Combining `match` and enums together is extremely powerful. You'll see this
pattern a lot in Rust code: `match` against an enum, bind to the data
inside, and then execute code based on it. It's a bit tricky at first, but
once you get used to it, you'll wish you had it in languages that don't support
it. It's consistently a user favorite.
### Matches are exhaustive
There's one other aspect of `match` we didn't talk about. Consider this version
of `plus_one()`:
```rust,ignore
fn plus_one(x: Option<i32>) -> Option<i32> {
match x {
Some(i) => Some(i + 1),
}
}
```
A bug! We didn't handle the `None` case. Luckily, it's a bug Rust knows how to
catch. If we try to compile this code, we'll get an error:
```text
error: non-exhaustive patterns: `None` not covered [E0004]
match x {
Some(i) => Some(i + 1),
}
```
Rust knows that we did not cover every possible option, and even knows which
pattern we forgot! This is referred to as being "exhaustive": we must exhaust
every last option possible in order to be valid. Especially in the case of
`Option<T>`, when Rust prevents us from forgetting to explicitly handle the
`None` case, it protects us from assuming that we have a value when we might
have null and thus making the billion-dollar mistake we discussed in the
previous section.
### The _ placeholder
What if we don't care about all of the possible values, though? Especially when
there are a lot of possible values for a type: a `u8` can have valid values of
zero through 255-- if we only care about 1, 3, 5, and 7, does this mean we must
list out 0, 2, 4, 6, 8, 9, all the way up through 255? Thankfully, no! We can
use a special pattern, `_`:
```rust
let some_u8_value = 0u8;
match some_u8_value {
1 => println!("one"),
3 => println!("three"),
5 => println!("five"),
7 => println!("seven"),
_ => (),
}
```
The `_` pattern will match all the other cases, and `()` will do nothing, it's
the unit value. This way, we don't have to list individual match arms for all
the other possible values in order to say that we want to do nothing for all of
those-- the `_` is a placeholder for any value.
## if let
There's one more advanced control flow structure we haven't discussed: `if
let`. Imagine we're in a situation like this:
```rust
# let some_option = Some(5);
match some_option {
Some(x) => {
// do something with x
},
None => {},
}
```
We care about the `Some` case, but don't want to do anything with the `None`
case.
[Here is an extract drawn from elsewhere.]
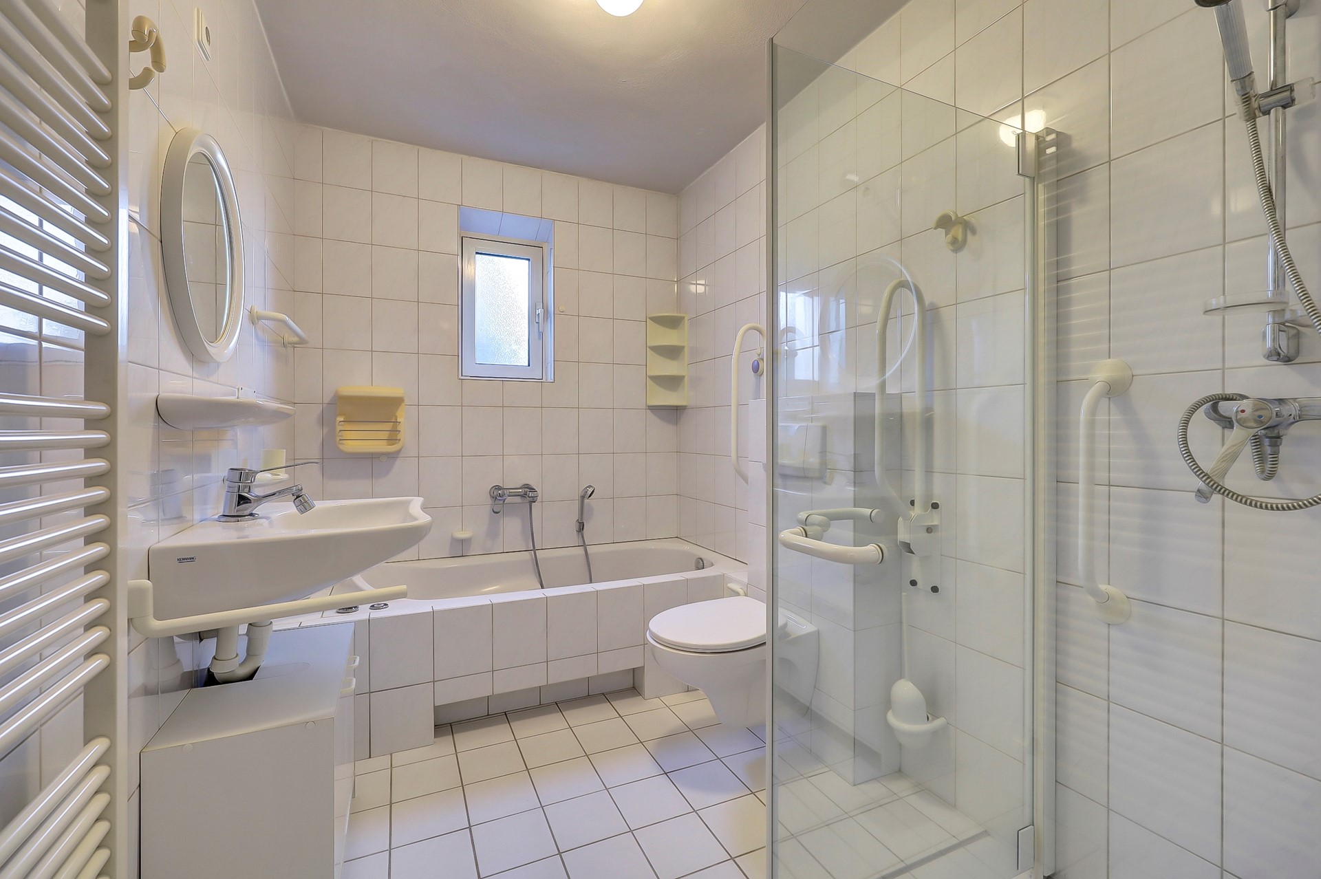 De badkamer is volledig betegeld in een neutrale witte kleur en beschikt over een ligbad, een separate douche met glazen deur, een wastafel, een hangtoilet en een designradiator. Laat hier je fantasie de vrije loop en maak hier jouw droom badkamer van.
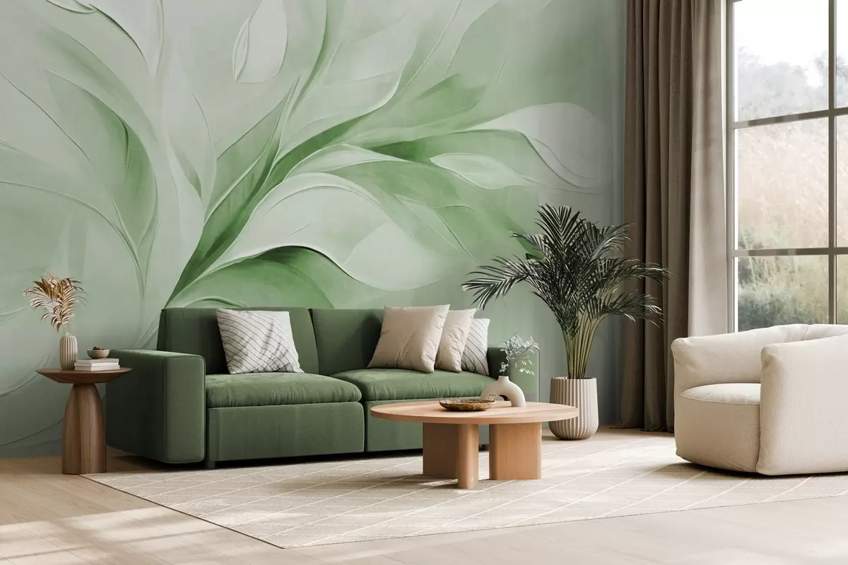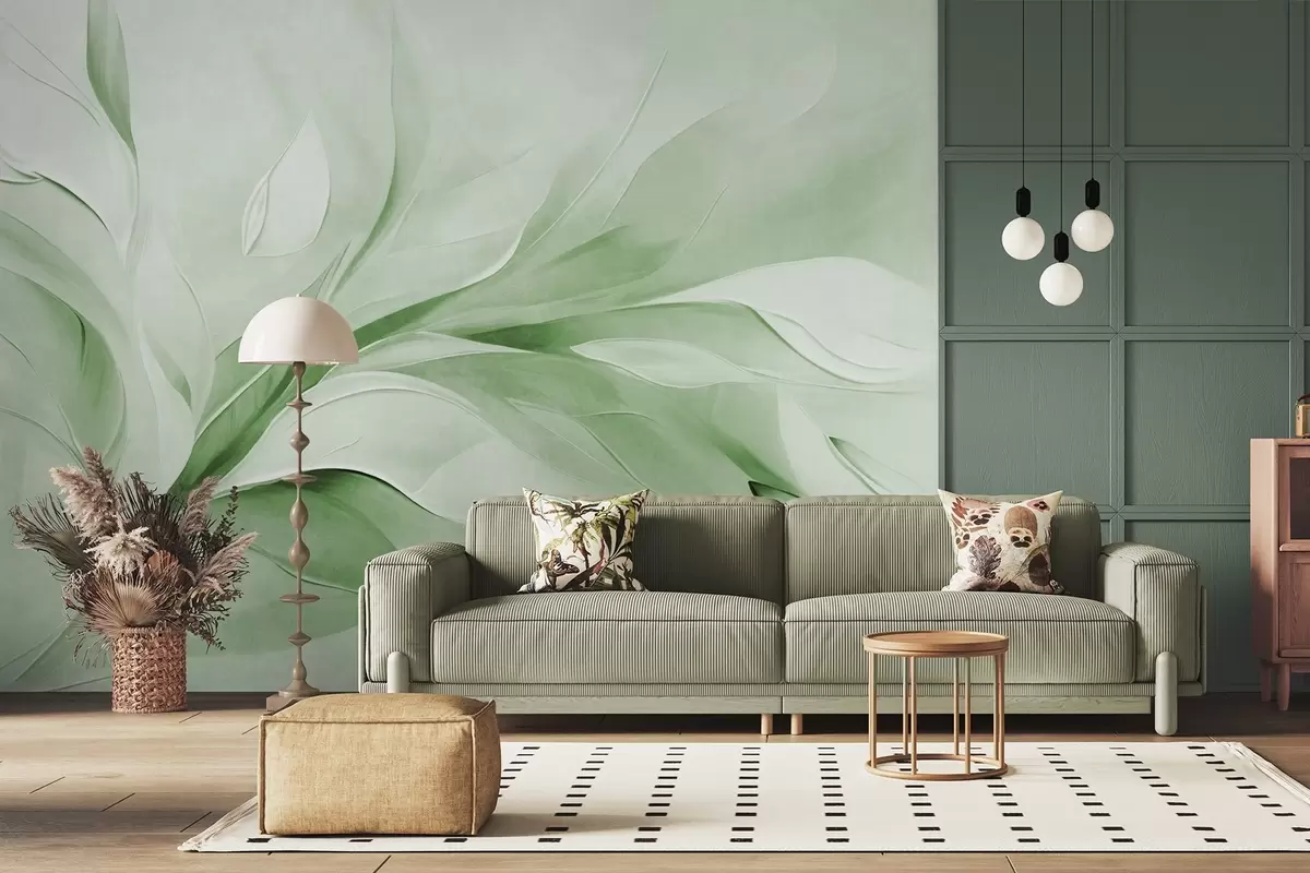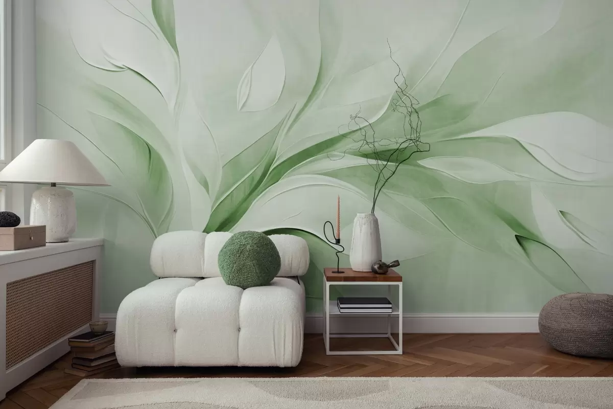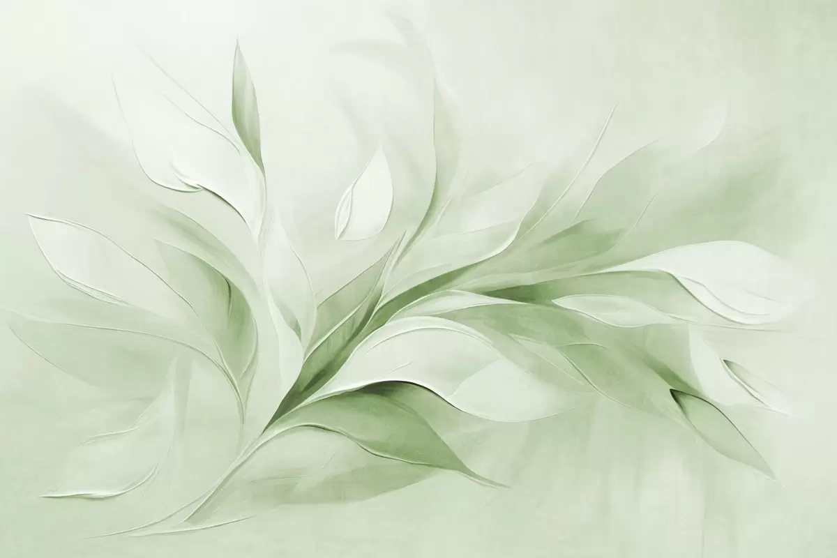 Fotomurales Estilo pictórico abstracto con textura de hojas verdes y blancas que fluyen. Nr. w09765v2

With an `Option`, this isn't _too_ bad, but with a more complex enum,
adding `_ => {}` after processing just one variant doesn't feel great. We have
this boilerplate arm and an extra level of indentation (the code that
does something with `x` is indented twice, rather than just once). We really want
a construct that says "Do something with this one case; I don't care about the
others."
Enter `if let`:
```rust
# let some_option = Some(5);
if let Some(x) = some_option {
// do something with x
}
```
`if let` takes a pattern and an expression, separated by an `=`. It works
exactly like a `match`, where the expression is given to the `match` and the
pattern is its first arm. In other words, you can think of `if let` as syntax
sugar:
```rust,ignore
if let pattern = expression {
body
}
match expression {
pattern => body,
_ => {}
}
```
And in fact, we can include an `else` and it becomes the body of the `_`
case:
```rust,ignore
if let pattern = expression {
body
} else {
else_body
}
match expression {
pattern => body,
_ => else_body,
}
```
In other words, it's the high-level construct we were originally looking for:
do something special with only one pattern.